P(X>x & Y>y) = .25 | Interpretation: The probability that the random variable X takes a value greater than the median and that the random variable Y taken is greater than the median of y. | P(X>x) = .5 | P(Y>y) = .5 | P(A and B) = .5*.5 = .25
P(X<x | X>y) = .50 | Interpretation: The probability that the random variable X takes a value less than the median and that the value taken is greater than the median of y. | P(X<x) = .5 | P(X>y) = .5 | P(A and B) = .5*.5 = .25 | P(A | B) = P(A and B) / P(B) = .25/.50 = .50

Problem 1b

Investigate whether P(X>x & Y>y)=P(X>x)P(Y>y) by building a table and evaluating the marginal and joint probabilities.

# Joiny Probability of X>x & Y>y
prob_joint <- sum(X > x_med & Y > y_med) / length(X)

# Marginal probabilities P(X > x) and P(Y > y)
prob_x <- sum(X > x_med) / length(X)
prob_y <- sum(Y > y_med) / length(Y)

# Product of marginal probabilities P(X > x) * P(Y > y)
marginals_prod <- prob_x * prob_y

# Create a matrix
prob_table <- matrix(c(prob_x, prob_joint, prob_y, marginals_prod), nrow = 2, byrow = TRUE)

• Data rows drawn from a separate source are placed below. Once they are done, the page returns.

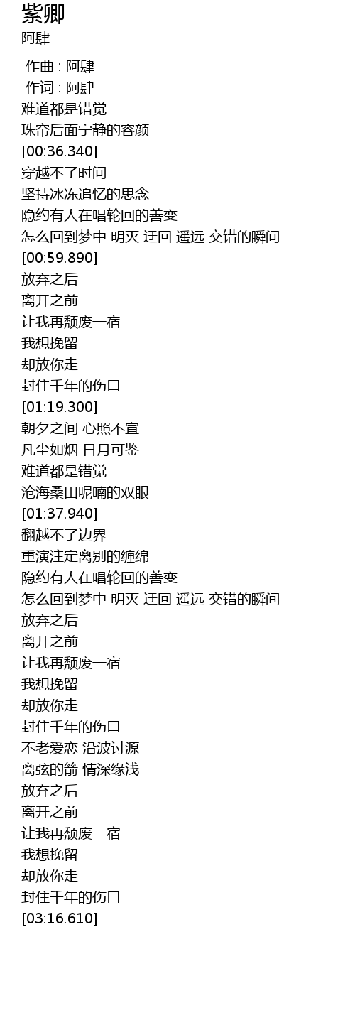 | [00:00.00] | 作曲 : 阿肆 |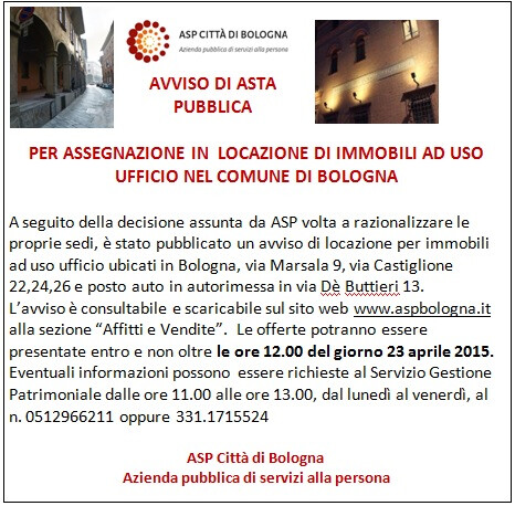 A seguito della decisione assunta da ASP volta a razionalizzare le proprie sedi, è pubblicato un avviso di locazione per immobili ad uso ufficio ubicati in via Marsala 9, via Castiglione 22, 24, 26 e posto auto in via Dé Buttrieri 13. L'avviso è scaricabile nella pagina Affitti e Vendite. Gli immobili potranno essere visionati previo appuntamento al numero 051/2966211. Scadenza avviso ore 12:00 del giorno 23.04.2015.
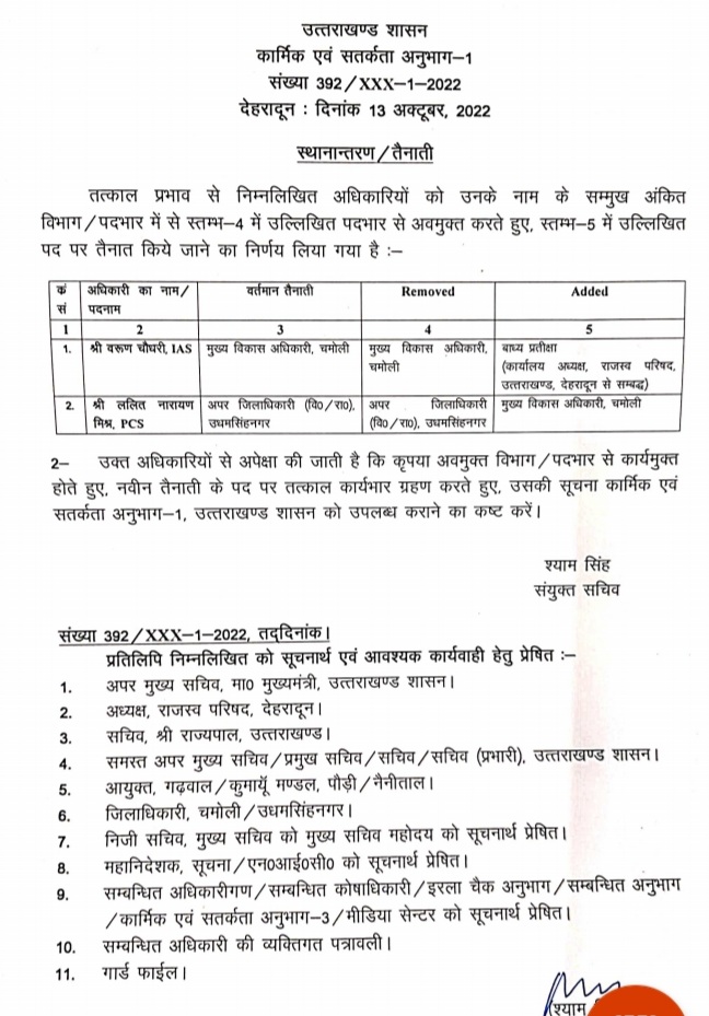 Breaking Dehradun UK-7 header HEADLINES Latest news Uttarakhand उत्तराखंड शासन ने किए दो बड़े अधिकारियों के तबादले। Uttrkhand24×7livenews admin October 13, 2022 0 उत्तराखंड शासन ने किए दो बड़े अधिकारियों के तबादले आईएएस वरुण चौधरी को मुख्य विकास अधिकारी चमोली पद से हटाया गया वरुण चौधरी को बाध्य प्रतीक्षा में रक्खा गया Pcs ललित नारायण मिश्र को बनाया गया मुख्य विकास अधिकारी चमोली Post navigation Previous: तपोवन के पास देर रात्रि को कार दुर्घटनाग्रस्त, SDRF ने किया सफल रेस्क्यू। Uttrkhand24×7livenewsNext: मुख्यमंत्री पुष्कर सिंह धामी ने किया आईएसबीटी का औचक निरीक्षण। Uttrkhand24×7livenews More Stories Breaking Dehradun UK-7 Haridwar UK-08 header HEADLINES Latest news Political Trending Uttarakhand सीएम धामी ने बैरागी कैंप में कार्यक्रम तैयारियों का किया निरीक्षण। Uttarakhand 24×7 Live news admin March 3, 2026 0 Breaking Dehradun UK-7 header HEADLINES Latest news Trending Uttarakhand देहरादून में डीएम सविन बंसल की जनसुनवाई, 92 शिकायतों पर समयबद्ध निस्तारण के निर्देश। Uttarakhand 24×7 Live news admin March 2, 2026 0 Breaking Culture Dehradun UK-7 header HEADLINES Latest news Political Trending Uttarakhand भाजपा प्रदेश कार्यालय में मुख्यमंत्री और वरिष्ठ नेताओं ने खेली होली। Uttarakhand 24×7 Live news admin March 2, 2026 0 Leave a Reply Cancel replyYour email address will not be published. Required fields are marked *Comment * Name * Email * Website Save my name, email, and website in this browser for the next time I comment.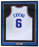 Julius Dr J Erving Philadelphia Signed Framed White Basketball Jersey JSA

# Labeling the cols and rows
colnames(prob_table) <- c("Marginal Probs", "Joint Probs")
rownames(prob_table) <- c("P(X > x)", "P(Y > y)")


print(prob_table)

##          Marginal Probs Joint Probs
## P(X > x)            0.5      0.2507
## P(Y > y)            0.5      0.2500

\[P(X>x & Y>y) = P(X > x)*P(Y>y)\]

Problem 1c

Check to see if independence holds by using Fisher’s Exact Test and the Chi Square Test. What is the difference between the two? Which is most appropriate? Are you surprised at the results? Why or why not?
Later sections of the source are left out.